You might think you know Gil because you've seen him on television. A lot. He's that guy who's been making a pretty good living as an actor. 


One of the things that I've always admired about him, is that he is an actor/writer/creator. He started doing stand-up in San Francisco, moved to LA, and became very successful doing several things he loved, all of which were creative. An incredibly funny and observant man, he also worked as a comedy writer. He would send us his comedy cds and to this day if a certain song comes on, I sing along to the spoof lyrics of a Pink Floyd Lemonade commercial that he had written ("Hey! Teacher! Put that cola down!") cause I actually don't know the real lyrics. Now, he also has a very popular and award winning blog.


I was four when Gil married my Aunt Sira (I still remember him reaching out to dance with me on the dance floor) so I've always remembered him being a part of my family, and being the other half of my Aunt, and always constantly coming up with jokes that made us all laugh (including lovingly always feigning excitement over "Brisket!" and a joke about my brother's birthday: "Nine bucks!" that is 23 years old and STILL funny to me.).

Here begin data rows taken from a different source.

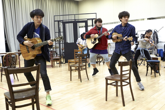 ◇오는 12월 CJ토월극장에서 개막하는 뮤지컬 '원스'. 배우들이 악기를 들고 열심히 연습하고 있다. 사진제공=신시컴퍼니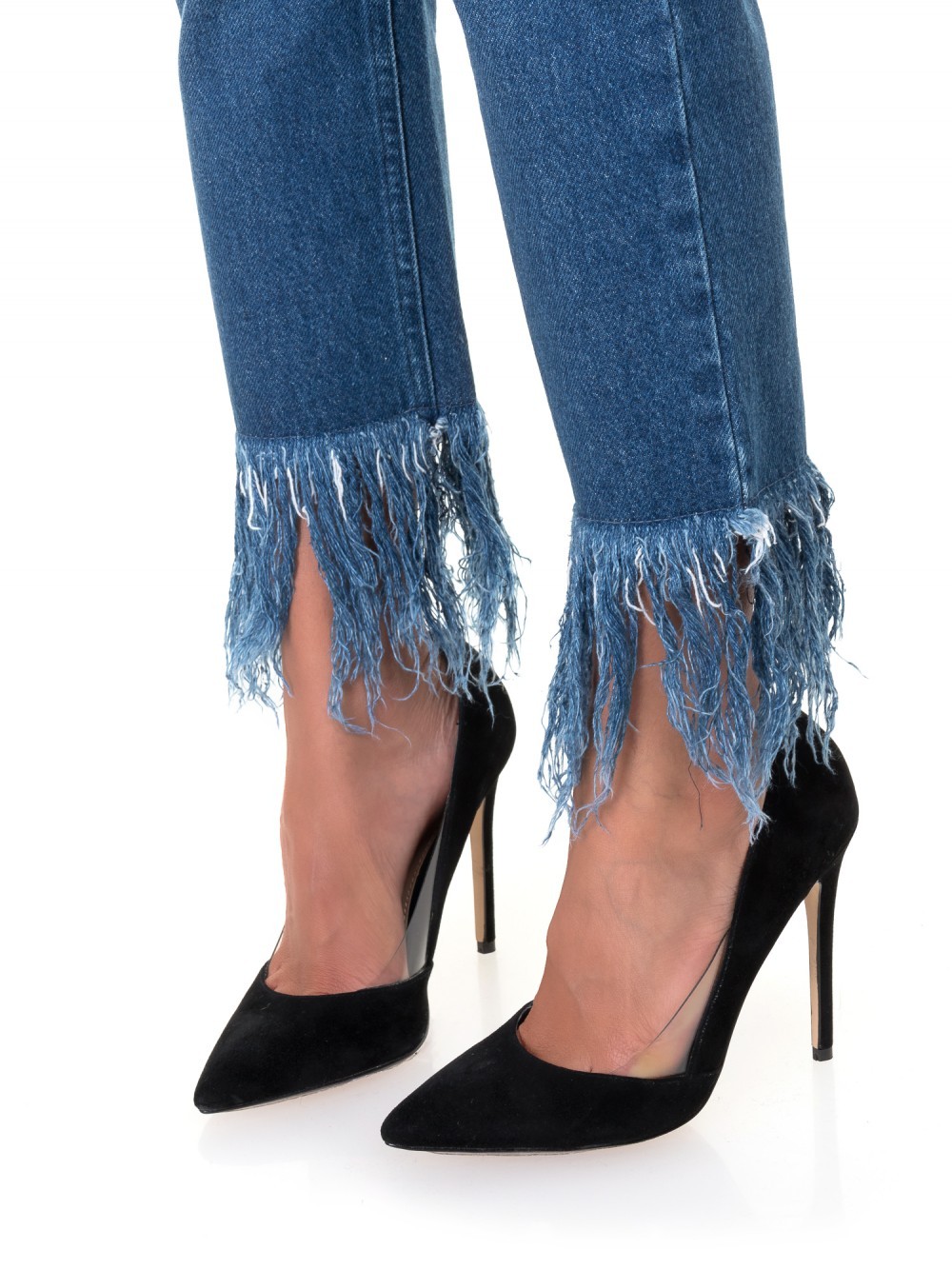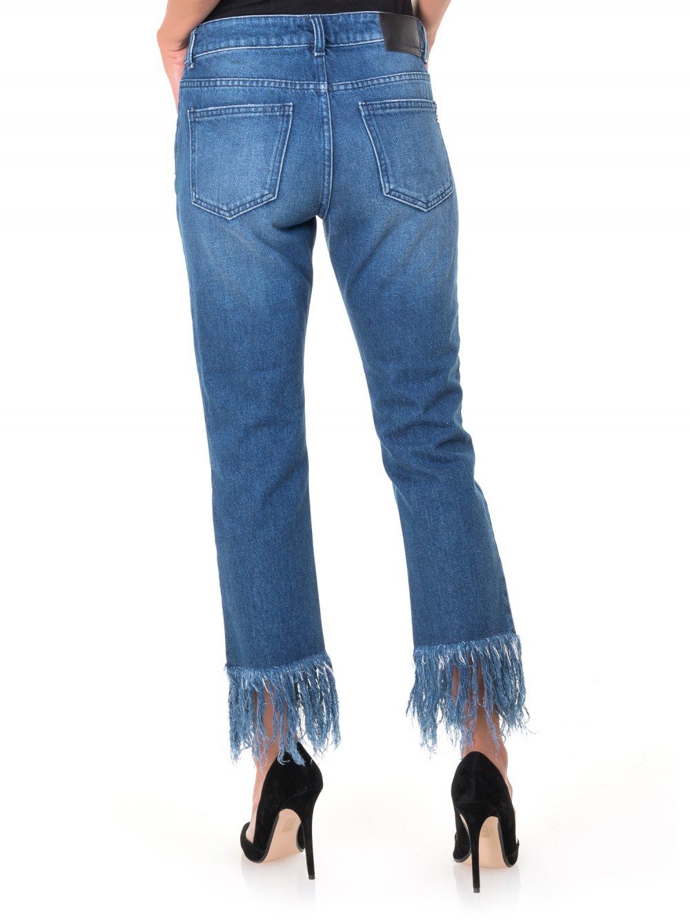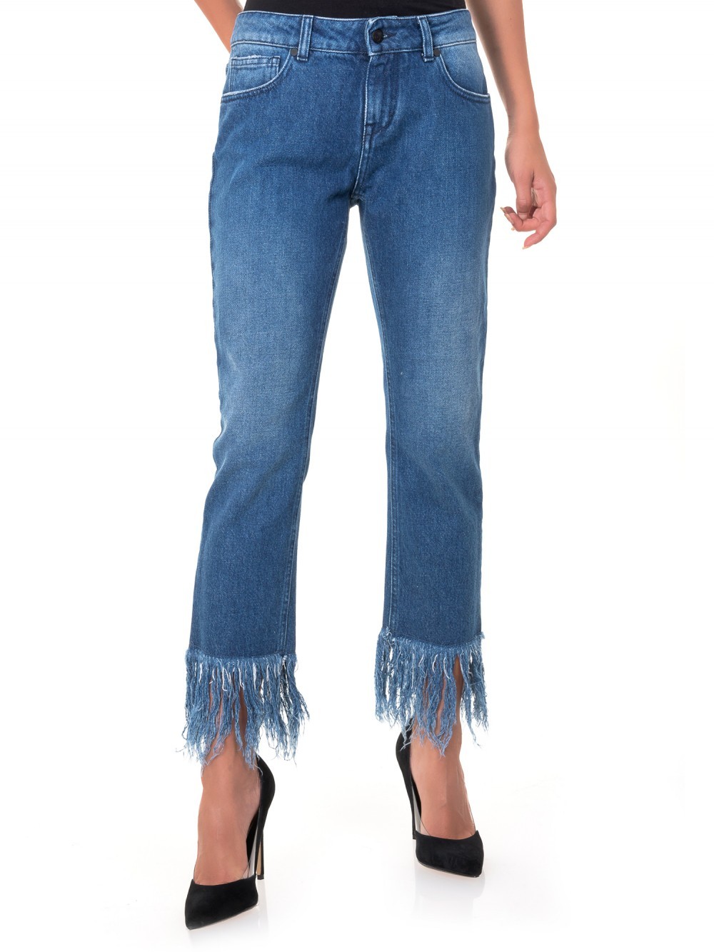 Jeans a zampa, cinque tasche, sfilacciato sul fondo, chiusura centrale tramite zip e bottone.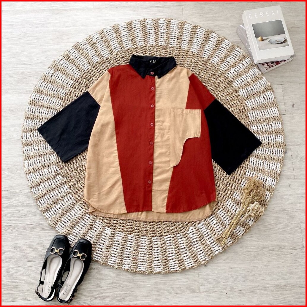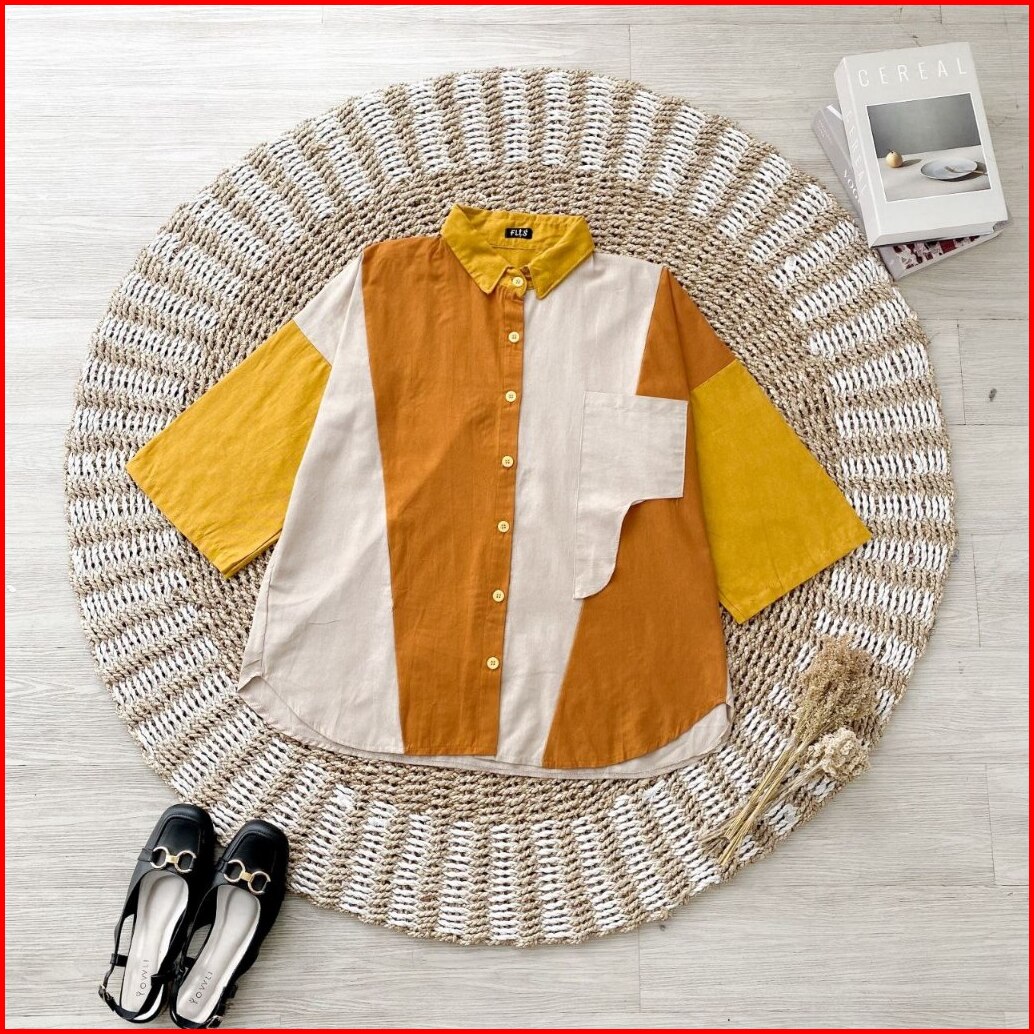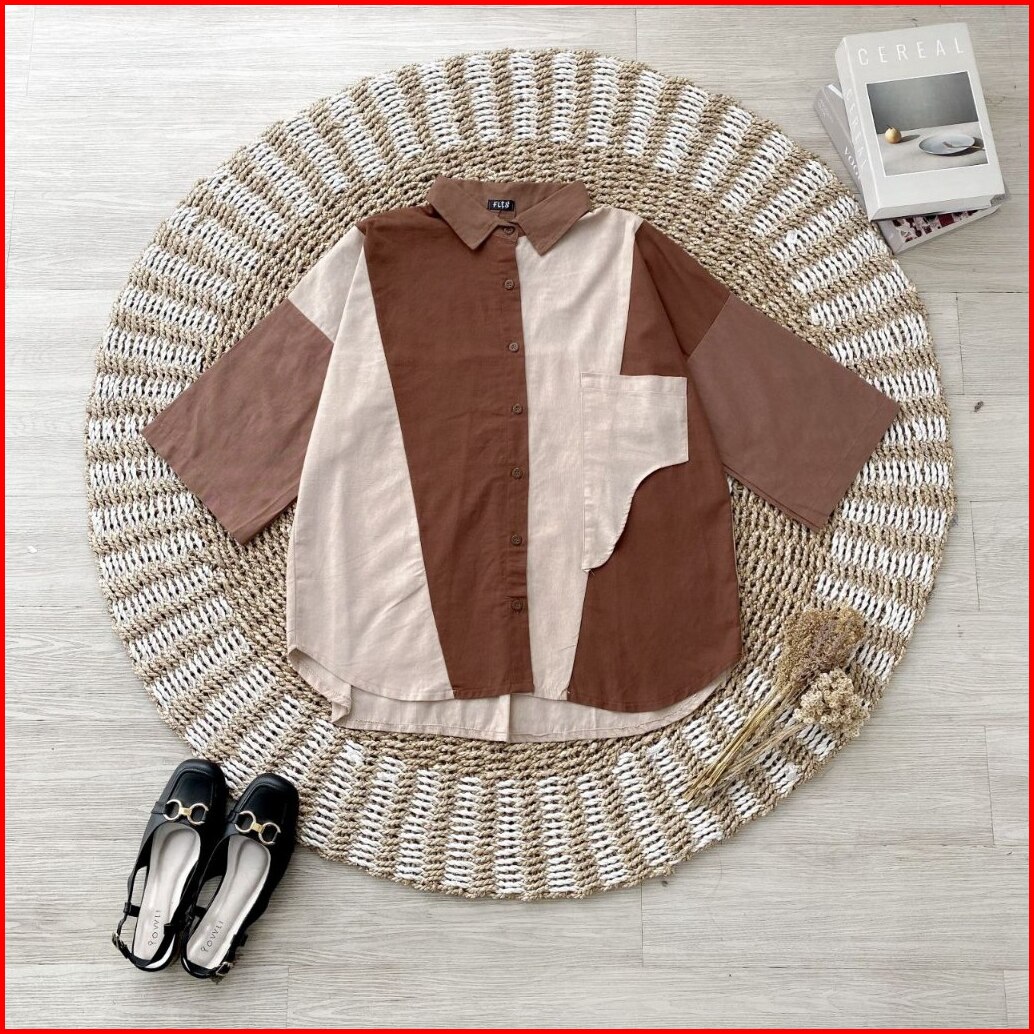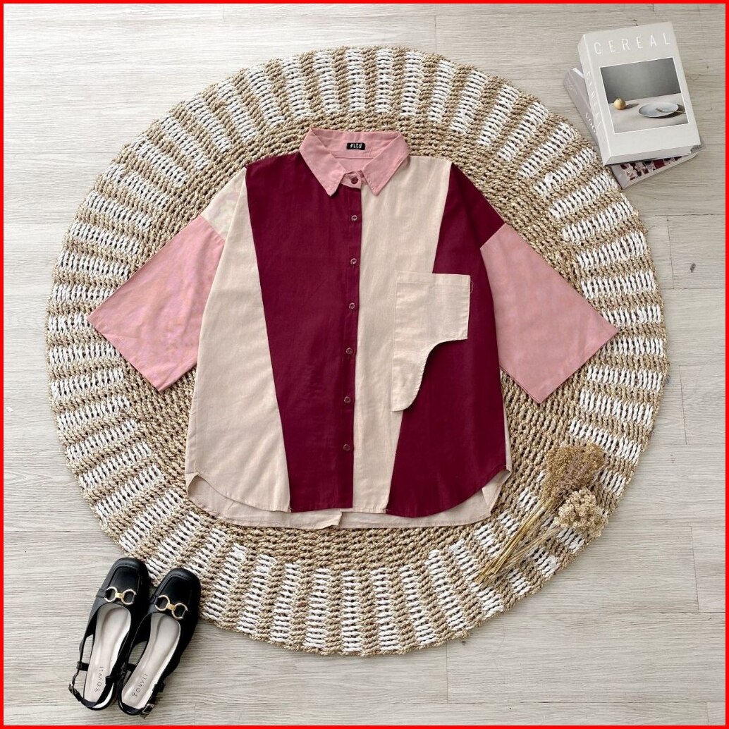 Maiza Shirt Oversize Top Atasan Kemeja Linen Rami Polos Basic Fashion Baju Muslim Kerja Casual Wanita Remaja Premium Ter

About two years ago, Gil and Aunt Sira invited me over for dinner and he told me that he was incredibly proud of me. That he admired how I was still pursuing what I love and didn't let the industry get me down. "If I were you, with the business the way it is now, I think I would have given up years ago."


But I have something Gil didn't have: I have an uncle who has been in the business for two decades, and both my uncle and aunt have weathered the highs and lows of the industry together as a couple. I have two people I can go to for advice. I have two people who know how hard it is. I have two people who also really, really want me to succeed at this, as opposed to two people who constantly remind me that I should be doing something "more stable" with my life. 


Both my uncle and aunt are two major supports in a big city that doesn't always make sense and isn't always fair. It's hard to give up with you have two very important people always rooting for you.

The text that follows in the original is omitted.